## WHAT YOU WILL DO
Give the entries below again exactly. Their pictures are not needed.

##### EXERCISE DATA

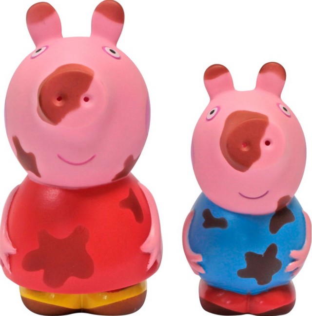 Пеппа та Джордж стрибали по калюжах та бруду. Їм терміново треба помитися. Опустіть їх у теплу воду, і плями зникнуть, наче їх і не бувало. Дістаньте іграшки з води, почекайте трохи — ви побачите, як магічним способом цятки з'являються знову.
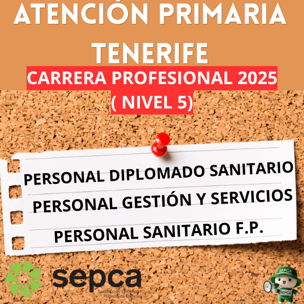 Atención Primaria Área de Salud de Tenerife.- Carrera profesional 2025 (nivel 5) Personal de gestión y servicios, Personal sanitario de F.P. y Personal diplomado sanitario. Resolución trámite de audiencia
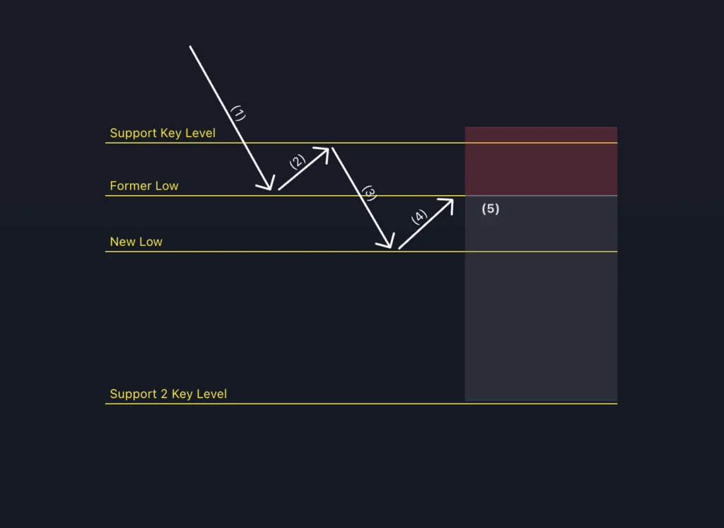 - Entry at former low and place stop loss above key level, targeting the next key level
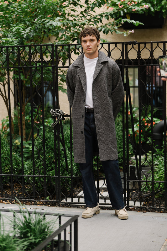 TRIBECA DOGTOOTH WOOL COAT - CHARC BLACK
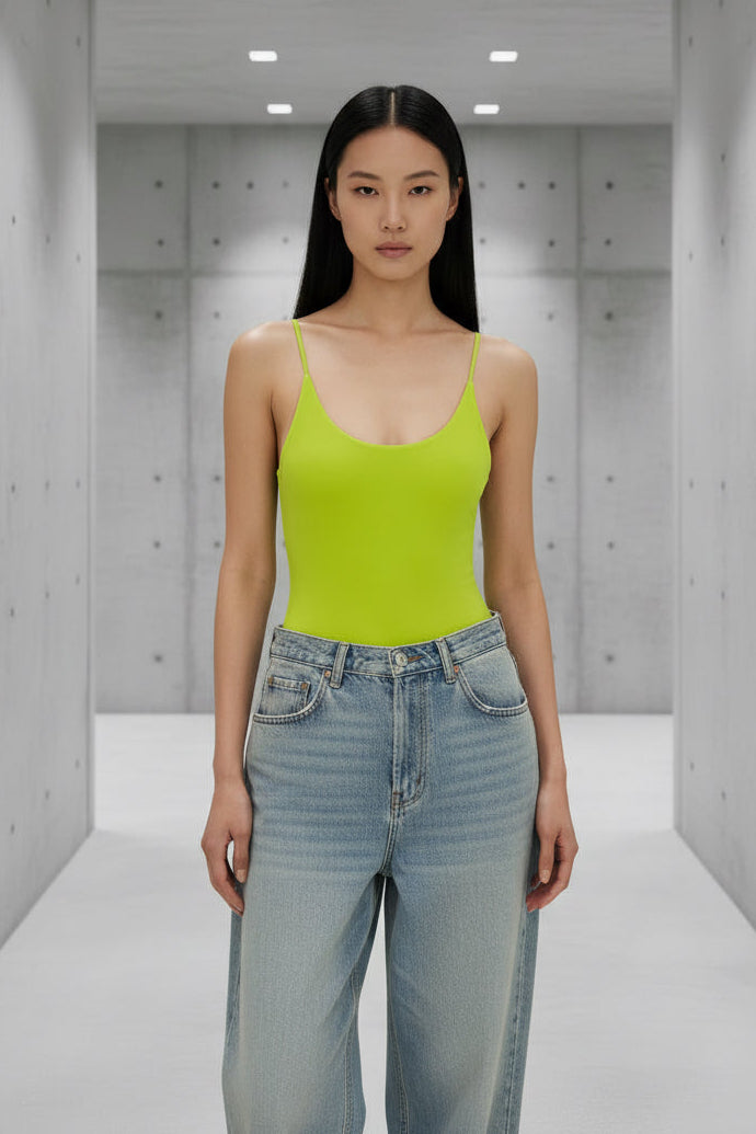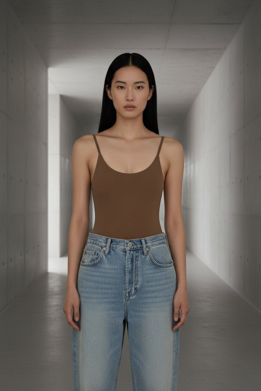 בגד גוף בגזרת כתפיות דקיקות, צמוד ונוח, עשוי בד רך ונמתח שנצמד לגוף בצורה מחמיאה.
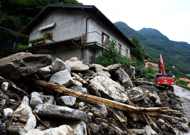 Itālijas ziemeļus skar plūdi: pie Komo ezera vietējie cīnās ar dubļu nogruvumiem
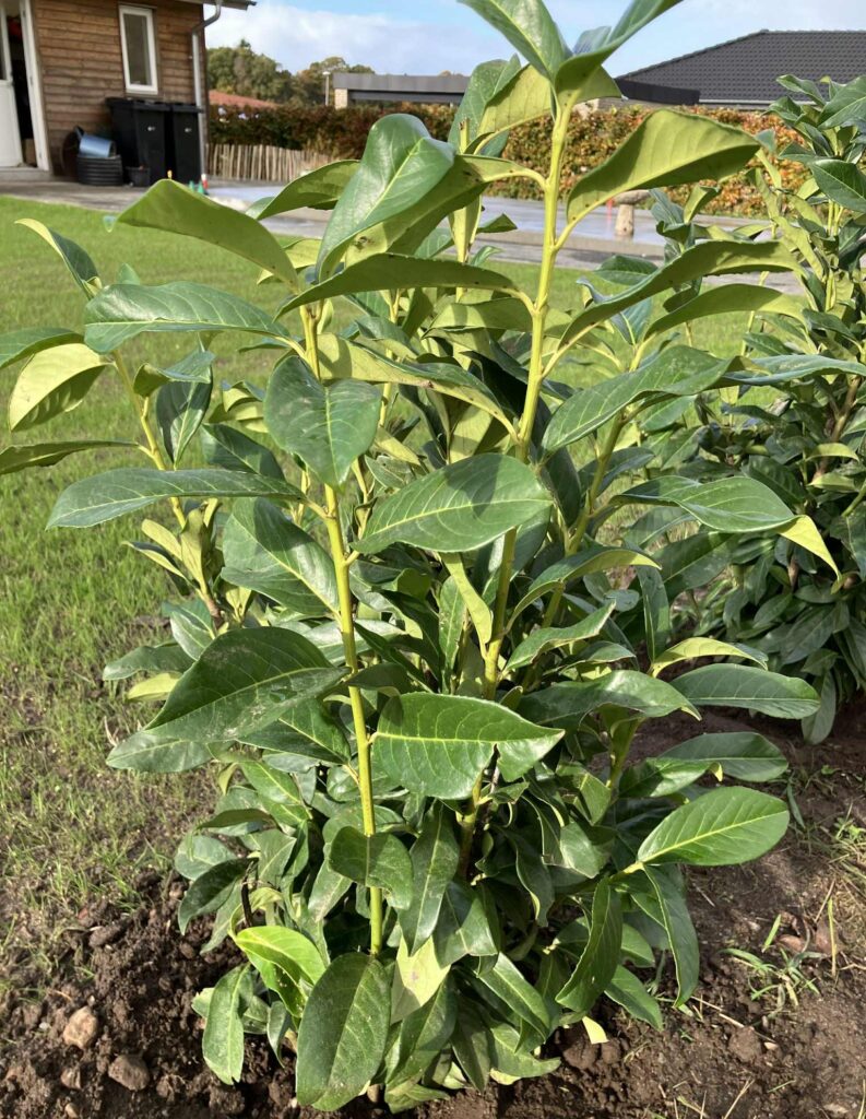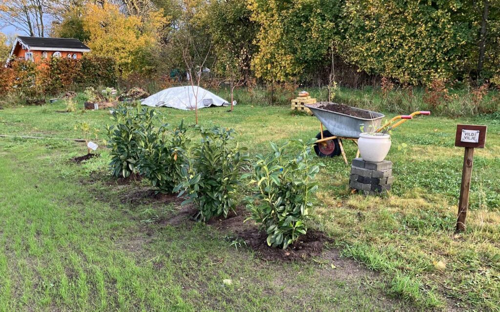 Laurbærbuskene var rimelig store og fyldte godt – så vi endte med at have fire i overskud. Nu står de på kanten til den vilde have. Og er med til at skabe lidt rum i haven. Alt hvad der rager lidt op er med til at bryde blikket og gøre det hele lidt mere interessant, så jeg er godt tilfreds med de nye planter. På sigt kan de også give lidt læ – og det er der ikke for meget af endnu 🙂
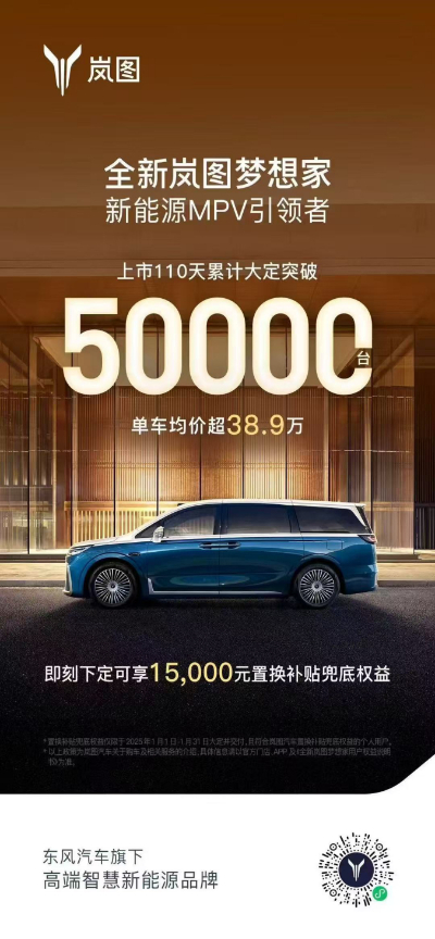 展望未來,嵐圖汽車CEO盧放表示:“2025年將推出4款以上全新或改款車,以更加完善的SUV、轎車和MPV產(chǎn)品布局,進一步滿足廣大用戶的個性化需求。全新嵐圖夢想家將以領(lǐng)先一代的產(chǎn)品力,成為絕對爆款,夯實‘頂流’地位,同時嵐圖繼續(xù)打造更多爆款,全力沖刺全年20萬輛的銷量目標(biāo),為更多用戶提供持續(xù)、穩(wěn)定、靠譜的產(chǎn)品和服務(wù)。”
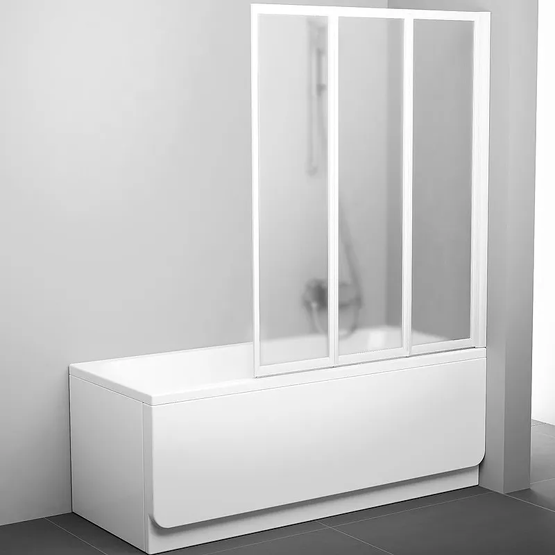 Шторка на ванну Ravak Behappy VS3 130 795V0100ZG.Характеристики: Ориентация: универсальная. Цвет исполнения профиля: белый. Материал профиля: алюминий. Витраж: безопасное стекло Grape (рифленое) толщиной 3 мм. Конструкция дверей: складная. Размер (ШхВ): 1300х1400 мм. В комплекте поставки: Шторка на ванну.
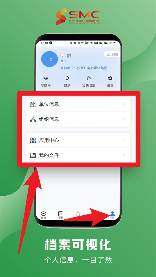 4、在“我的”页面可查看单位信息、组织信息、应用中心及个人文件等内容,实现档案信息的可视化与集中管理。
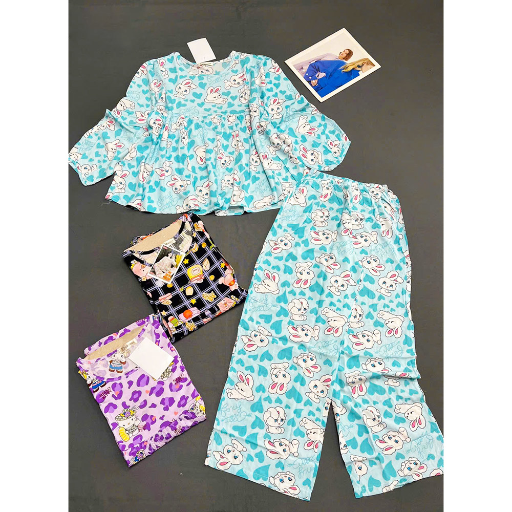 Giá sỉ đồ Bộ Nữ Áo Babydoll Tay Dài Quần Dài Họa Tiết Sang Trọng Vải Tole Mịn Mát Size 45-62kg
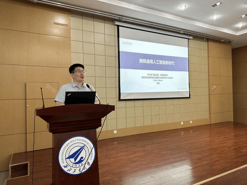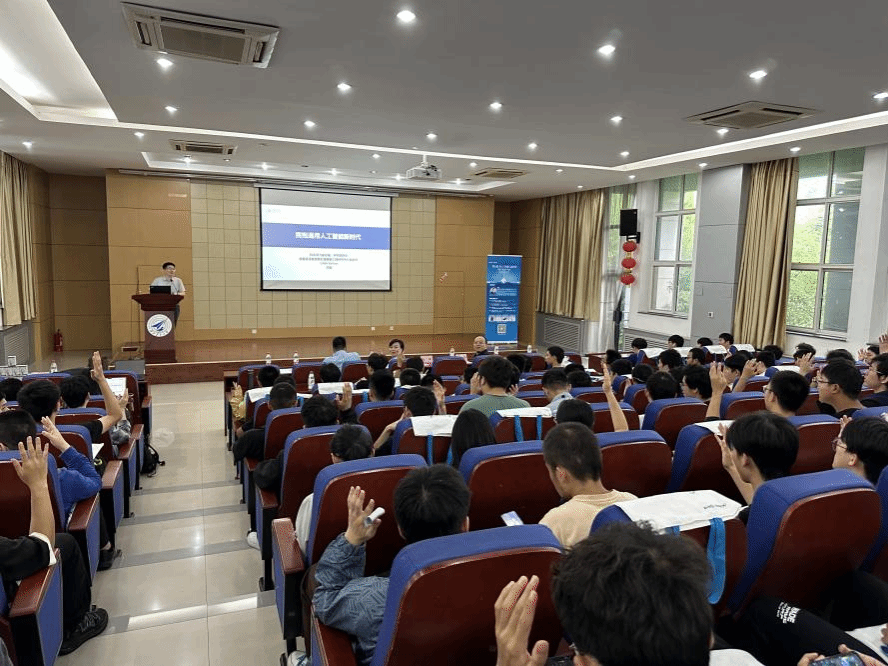 新报告厅为学校师生作题为《拥抱通用人工智能新时代》的专题报告。
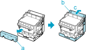 - The inside surface of the Protective Part (a) and Protective Part (b) is coated with ink to protect the nozzles. Be careful not to touch these surfaces when removing the caps.

##########

## SOLUTION TO THIS TASK
 Пеппа та Джордж стрибали по калюжах та бруду. Їм терміново треба помитися. Опустіть їх у теплу воду, і плями зникнуть, наче їх і не бувало. Дістаньте іграшки з води, почекайте трохи — ви побачите, як магічним способом цятки з'являються знову.
 Atención Primaria Área de Salud de Tenerife.- Carrera profesional 2025 (nivel 5) Personal de gestión y servicios, Personal sanitario de F.P. y Personal diplomado sanitario. Resolución trámite de audiencia
 - Entry at former low and place stop loss above key level, targeting the next key level
 TRIBECA DOGTOOTH WOOL COAT - CHARC BLACK
 בגד גוף בגזרת כתפיות דקיקות, צמוד ונוח, עשוי בד רך ונמתח שנצמד לגוף בצורה מחמיאה.
 Itālijas ziemeļus skar plūdi: pie Komo ezera vietējie cīnās ar dubļu nogruvumiem
 Laurbærbuskene var rimelig store og fyldte godt – så vi endte med at have fire i overskud. Nu står de på kanten til den vilde have. Og er med til at skabe lidt rum i haven. Alt hvad der rager lidt op er med til at bryde blikket og gøre det hele lidt mere interessant, så jeg er godt tilfreds med de nye planter. På sigt kan de også give lidt læ – og det er der ikke for meget af endnu 🙂
 展望未來,嵐圖汽車CEO盧放表示:“2025年將推出4款以上全新或改款車,以更加完善的SUV、轎車和MPV產(chǎn)品布局,進一步滿足廣大用戶的個性化需求。全新嵐圖夢想家將以領(lǐng)先一代的產(chǎn)品力,成為絕對爆款,夯實‘頂流’地位,同時嵐圖繼續(xù)打造更多爆款,全力沖刺全年20萬輛的銷量目標(biāo),為更多用戶提供持續(xù)、穩(wěn)定、靠譜的產(chǎn)品和服務(wù)。”
 Шторка на ванну Ravak Behappy VS3 130 795V0100ZG.Характеристики: Ориентация: универсальная. Цвет исполнения профиля: белый. Материал профиля: алюминий. Витраж: безопасное стекло Grape (рифленое) толщиной 3 мм. Конструкция дверей: складная. Размер (ШхВ): 1300х1400 мм. В комплекте поставки: Шторка на ванну.
 4、在“我的”页面可查看单位信息、组织信息、应用中心及个人文件等内容,实现档案信息的可视化与集中管理。
 Giá sỉ đồ Bộ Nữ Áo Babydoll Tay Dài Quần Dài Họa Tiết Sang Trọng Vải Tole Mịn Mát Size 45-62kg
 新报告厅为学校师生作题为《拥抱通用人工智能新时代》的专题报告。
 - The inside surface of the Protective Part (a) and Protective Part (b) is coated with ink to protect the nozzles. Be careful not to touch these surfaces when removing the caps.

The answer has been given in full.